Given data:
......

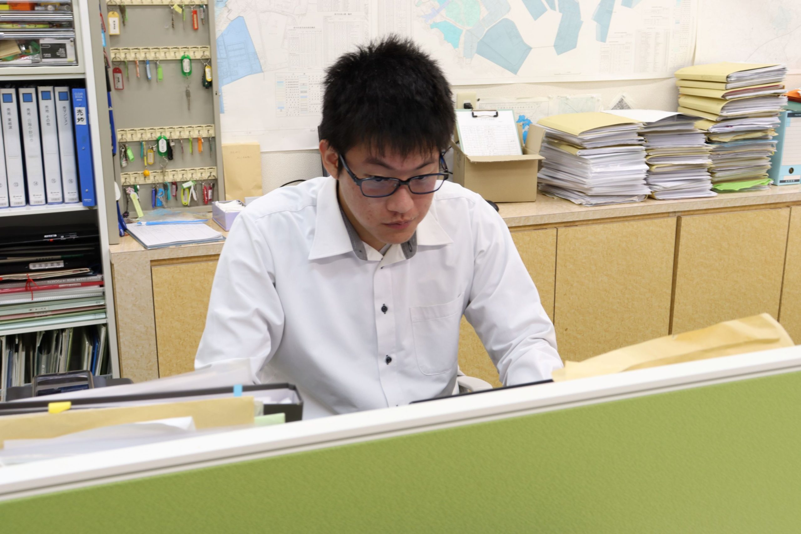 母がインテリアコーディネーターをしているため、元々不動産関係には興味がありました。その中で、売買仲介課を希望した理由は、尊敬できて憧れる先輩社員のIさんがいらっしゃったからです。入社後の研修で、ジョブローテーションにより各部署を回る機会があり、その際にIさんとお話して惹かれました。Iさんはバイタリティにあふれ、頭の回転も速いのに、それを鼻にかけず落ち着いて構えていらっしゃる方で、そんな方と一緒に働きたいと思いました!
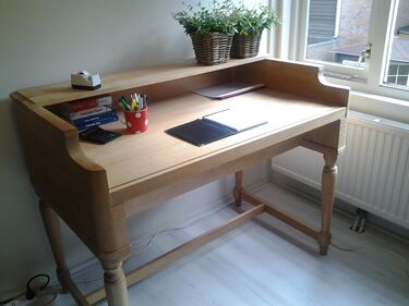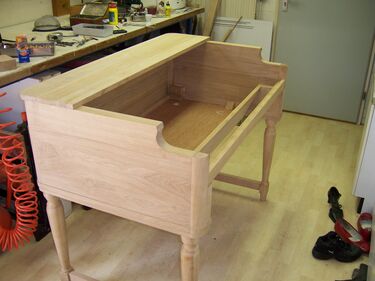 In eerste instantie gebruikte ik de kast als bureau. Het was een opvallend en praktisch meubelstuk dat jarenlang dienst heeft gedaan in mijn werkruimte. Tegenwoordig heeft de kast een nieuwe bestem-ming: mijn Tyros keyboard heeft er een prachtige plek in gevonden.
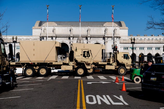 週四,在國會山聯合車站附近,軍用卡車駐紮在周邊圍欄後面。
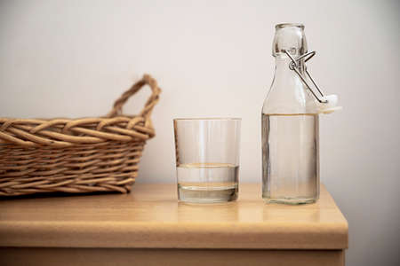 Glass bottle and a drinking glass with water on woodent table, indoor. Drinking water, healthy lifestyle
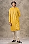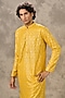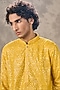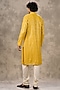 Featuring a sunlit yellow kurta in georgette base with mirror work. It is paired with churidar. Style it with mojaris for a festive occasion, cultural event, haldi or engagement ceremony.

......

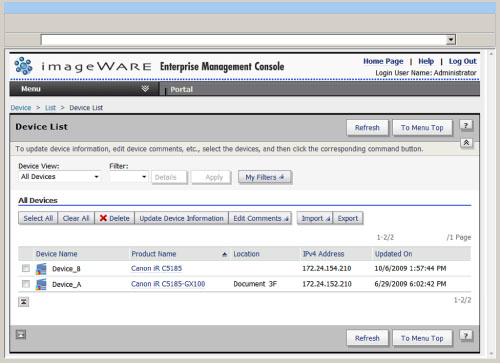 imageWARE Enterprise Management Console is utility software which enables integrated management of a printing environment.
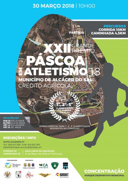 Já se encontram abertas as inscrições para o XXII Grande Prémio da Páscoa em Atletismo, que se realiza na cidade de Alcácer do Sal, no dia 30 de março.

......

Your instructions:
Would you transcribe the lines above exactly, going from the line bearing "母がインテリアコーディネータ" through the line bearing "Featuring a sunlit", and drop the pictures from the copy?

Your response:
 母がインテリアコーディネーターをしているため、元々不動産関係には興味がありました。その中で、売買仲介課を希望した理由は、尊敬できて憧れる先輩社員のIさんがいらっしゃったからです。入社後の研修で、ジョブローテーションにより各部署を回る機会があり、その際にIさんとお話して惹かれました。Iさんはバイタリティにあふれ、頭の回転も速いのに、それを鼻にかけず落ち着いて構えていらっしゃる方で、そんな方と一緒に働きたいと思いました!
 In eerste instantie gebruikte ik de kast als bureau. Het was een opvallend en praktisch meubelstuk dat jarenlang dienst heeft gedaan in mijn werkruimte. Tegenwoordig heeft de kast een nieuwe bestem-ming: mijn Tyros keyboard heeft er een prachtige plek in gevonden.
 週四,在國會山聯合車站附近,軍用卡車駐紮在周邊圍欄後面。
 Glass bottle and a drinking glass with water on woodent table, indoor. Drinking water, healthy lifestyle
 Featuring a sunlit yellow kurta in georgette base with mirror work. It is paired with churidar. Style it with mojaris for a festive occasion, cultural event, haldi or engagement ceremony.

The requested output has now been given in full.